*** Block opens ***

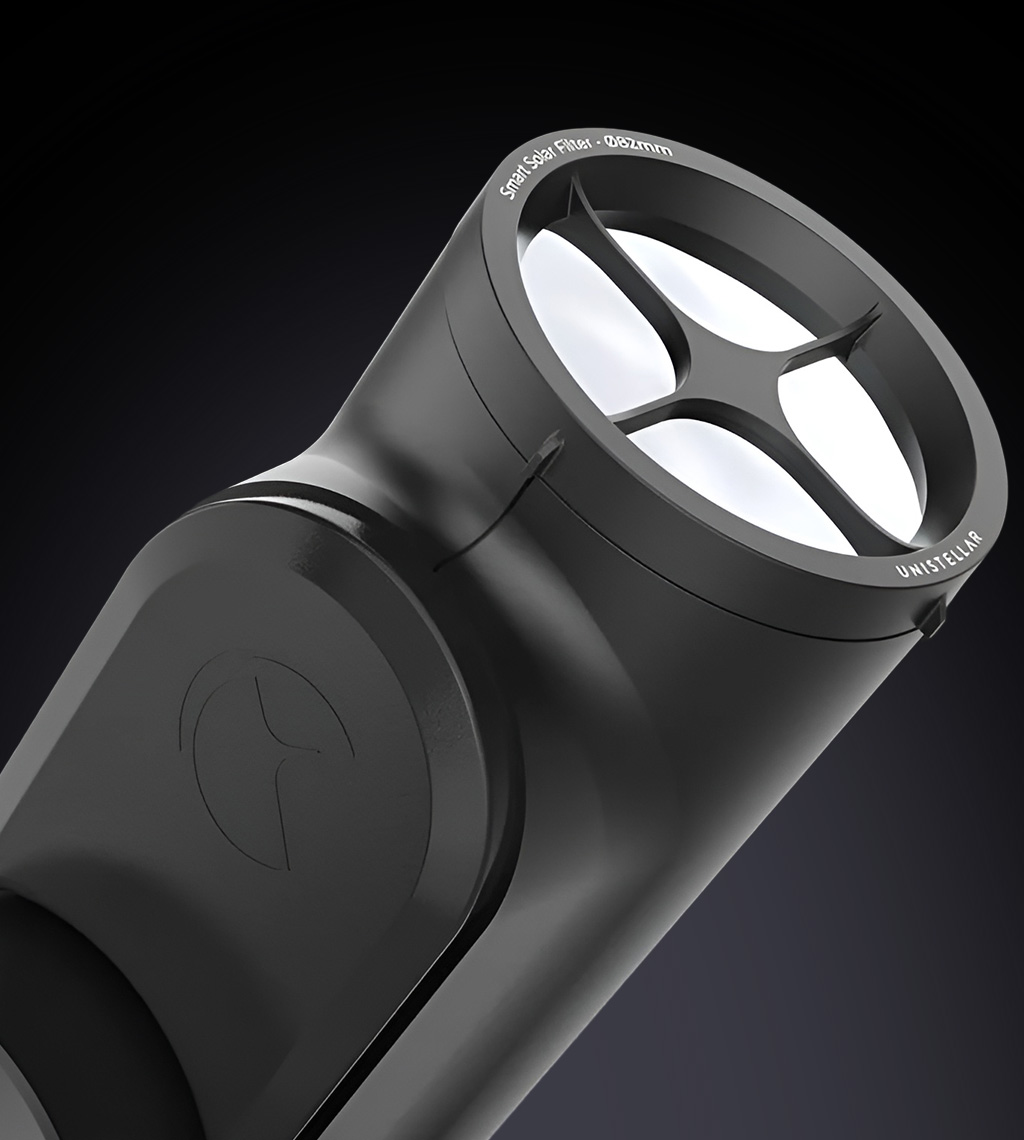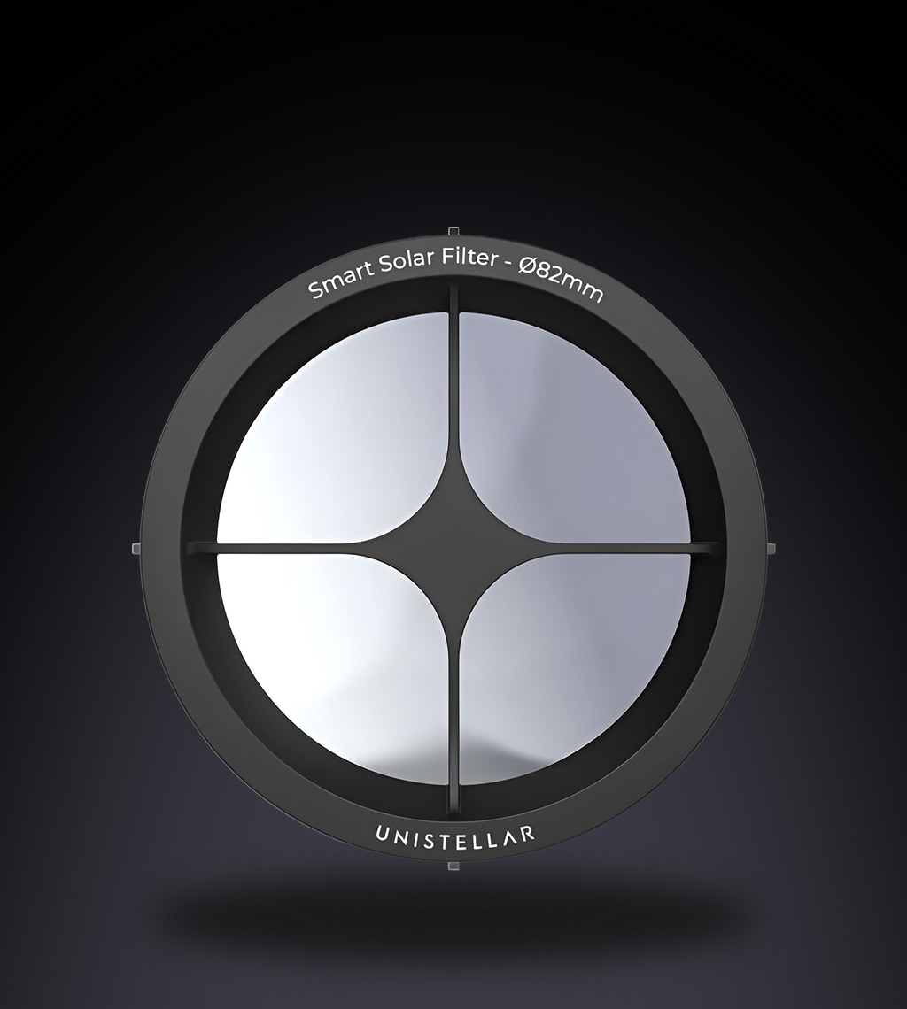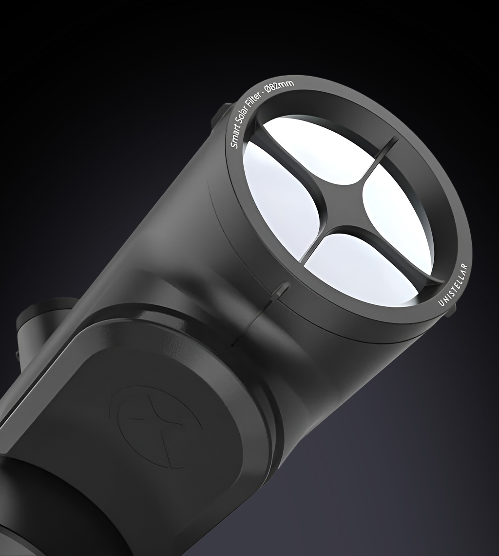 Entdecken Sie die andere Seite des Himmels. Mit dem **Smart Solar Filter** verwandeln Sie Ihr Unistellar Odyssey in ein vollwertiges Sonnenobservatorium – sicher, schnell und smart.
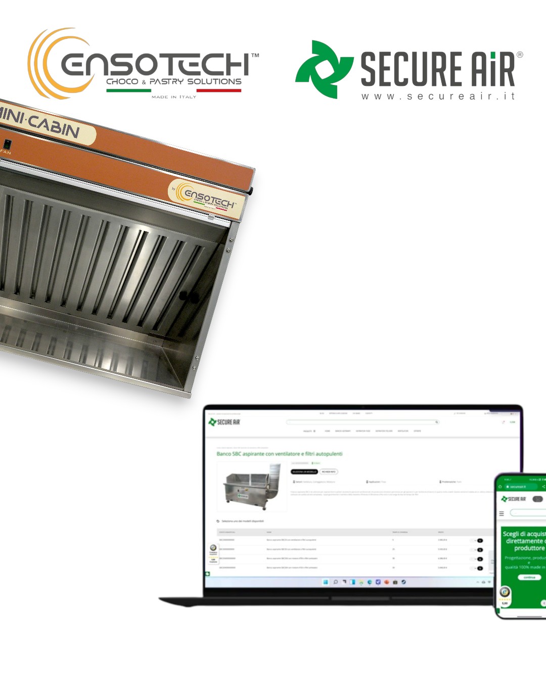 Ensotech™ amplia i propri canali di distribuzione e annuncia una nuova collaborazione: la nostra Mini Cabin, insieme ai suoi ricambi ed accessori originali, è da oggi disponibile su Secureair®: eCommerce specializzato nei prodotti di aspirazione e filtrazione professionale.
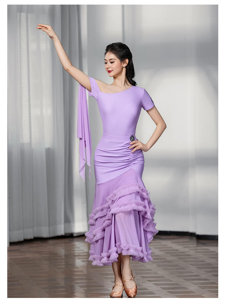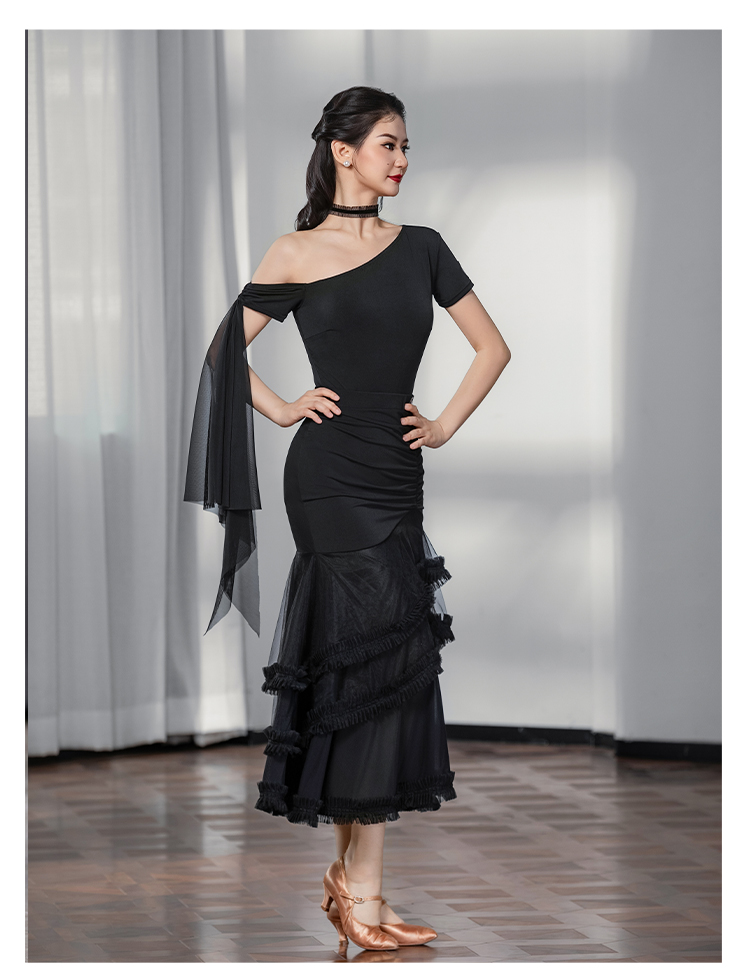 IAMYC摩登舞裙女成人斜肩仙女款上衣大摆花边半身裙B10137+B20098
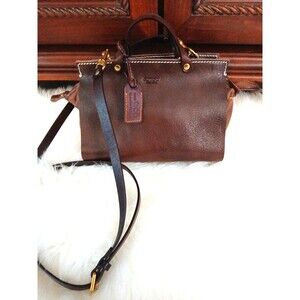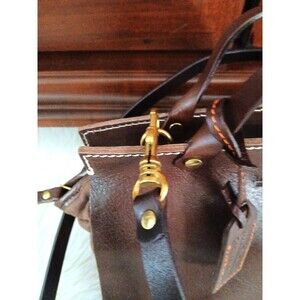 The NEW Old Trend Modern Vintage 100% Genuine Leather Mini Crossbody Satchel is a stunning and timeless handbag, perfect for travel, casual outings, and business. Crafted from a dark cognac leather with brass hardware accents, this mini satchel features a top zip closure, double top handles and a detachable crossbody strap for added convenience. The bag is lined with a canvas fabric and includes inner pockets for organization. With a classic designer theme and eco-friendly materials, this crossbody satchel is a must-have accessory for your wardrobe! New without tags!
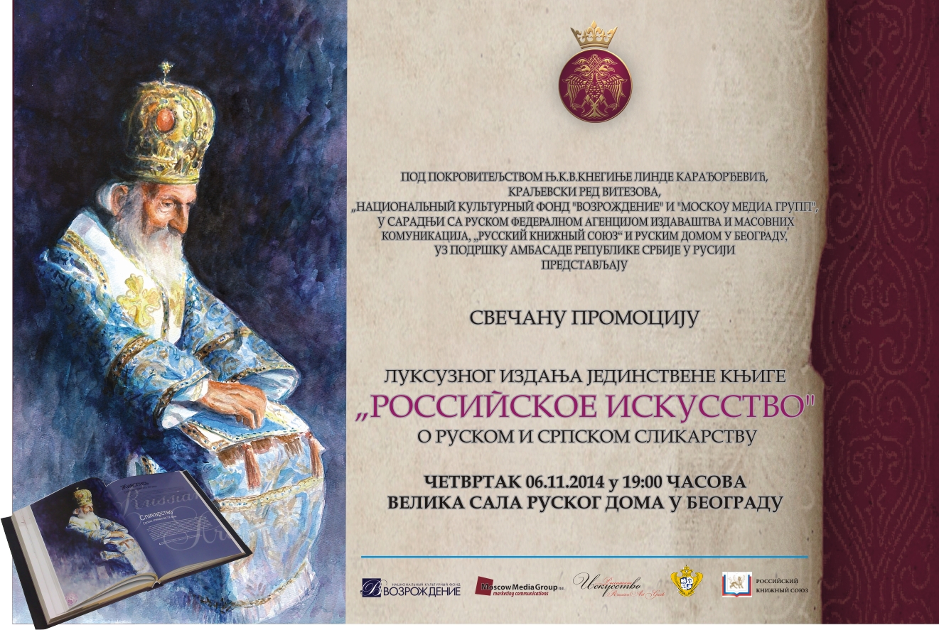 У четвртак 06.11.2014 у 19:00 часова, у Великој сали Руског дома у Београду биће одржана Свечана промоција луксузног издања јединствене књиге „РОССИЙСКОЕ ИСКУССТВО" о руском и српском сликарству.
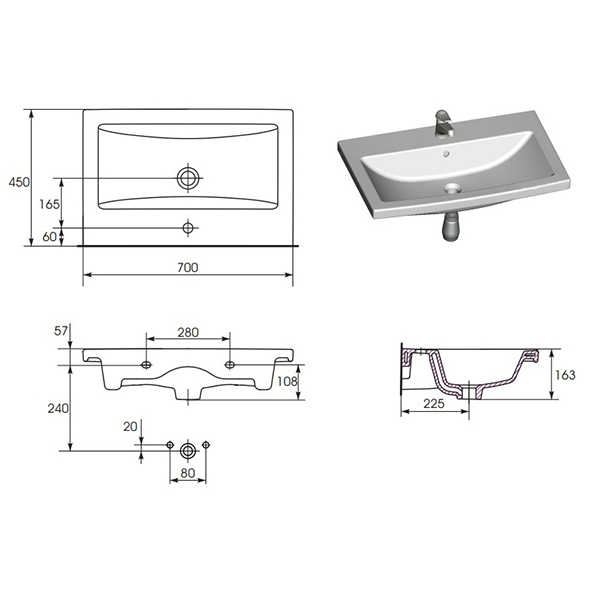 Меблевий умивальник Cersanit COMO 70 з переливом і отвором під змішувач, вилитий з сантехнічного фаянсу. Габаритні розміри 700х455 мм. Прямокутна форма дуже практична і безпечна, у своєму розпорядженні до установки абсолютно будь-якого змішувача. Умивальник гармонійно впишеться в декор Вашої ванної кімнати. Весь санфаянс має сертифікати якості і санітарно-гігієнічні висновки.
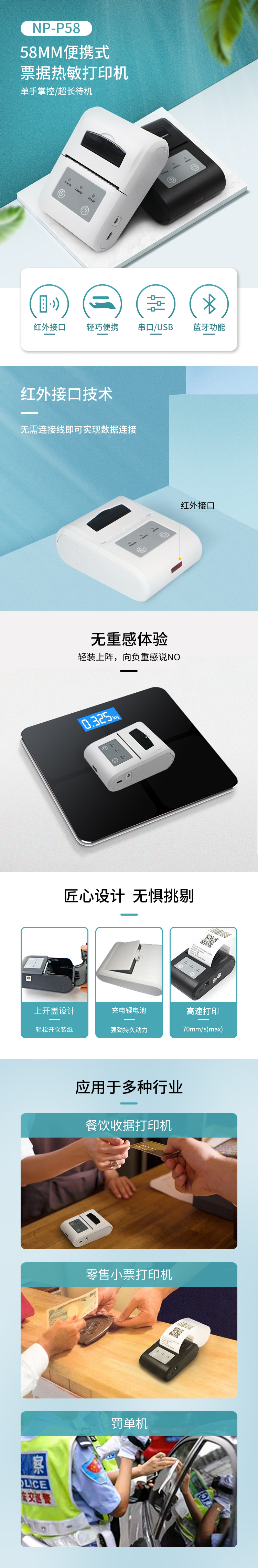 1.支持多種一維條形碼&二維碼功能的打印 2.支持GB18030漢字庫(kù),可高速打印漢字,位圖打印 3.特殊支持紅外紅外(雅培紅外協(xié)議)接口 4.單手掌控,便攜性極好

*** Block closes ***

- [The problem]:
Word for word, repeat all the data, but not its images.

- [Response box]:
 Entdecken Sie die andere Seite des Himmels. Mit dem **Smart Solar Filter** verwandeln Sie Ihr Unistellar Odyssey in ein vollwertiges Sonnenobservatorium – sicher, schnell und smart.
 Ensotech™ amplia i propri canali di distribuzione e annuncia una nuova collaborazione: la nostra Mini Cabin, insieme ai suoi ricambi ed accessori originali, è da oggi disponibile su Secureair®: eCommerce specializzato nei prodotti di aspirazione e filtrazione professionale.
 IAMYC摩登舞裙女成人斜肩仙女款上衣大摆花边半身裙B10137+B20098
 The NEW Old Trend Modern Vintage 100% Genuine Leather Mini Crossbody Satchel is a stunning and timeless handbag, perfect for travel, casual outings, and business. Crafted from a dark cognac leather with brass hardware accents, this mini satchel features a top zip closure, double top handles and a detachable crossbody strap for added convenience. The bag is lined with a canvas fabric and includes inner pockets for organization. With a classic designer theme and eco-friendly materials, this crossbody satchel is a must-have accessory for your wardrobe! New without tags!
 У четвртак 06.11.2014 у 19:00 часова, у Великој сали Руског дома у Београду биће одржана Свечана промоција луксузног издања јединствене књиге „РОССИЙСКОЕ ИСКУССТВО" о руском и српском сликарству.
 Меблевий умивальник Cersanit COMO 70 з переливом і отвором під змішувач, вилитий з сантехнічного фаянсу. Габаритні розміри 700х455 мм. Прямокутна форма дуже практична і безпечна, у своєму розпорядженні до установки абсолютно будь-якого змішувача. Умивальник гармонійно впишеться в декор Вашої ванної кімнати. Весь санфаянс має сертифікати якості і санітарно-гігієнічні висновки.
 1.支持多種一維條形碼&二維碼功能的打印 2.支持GB18030漢字庫(kù),可高速打印漢字,位圖打印 3.特殊支持紅外紅外(雅培紅外協(xié)議)接口 4.單手掌控,便攜性極好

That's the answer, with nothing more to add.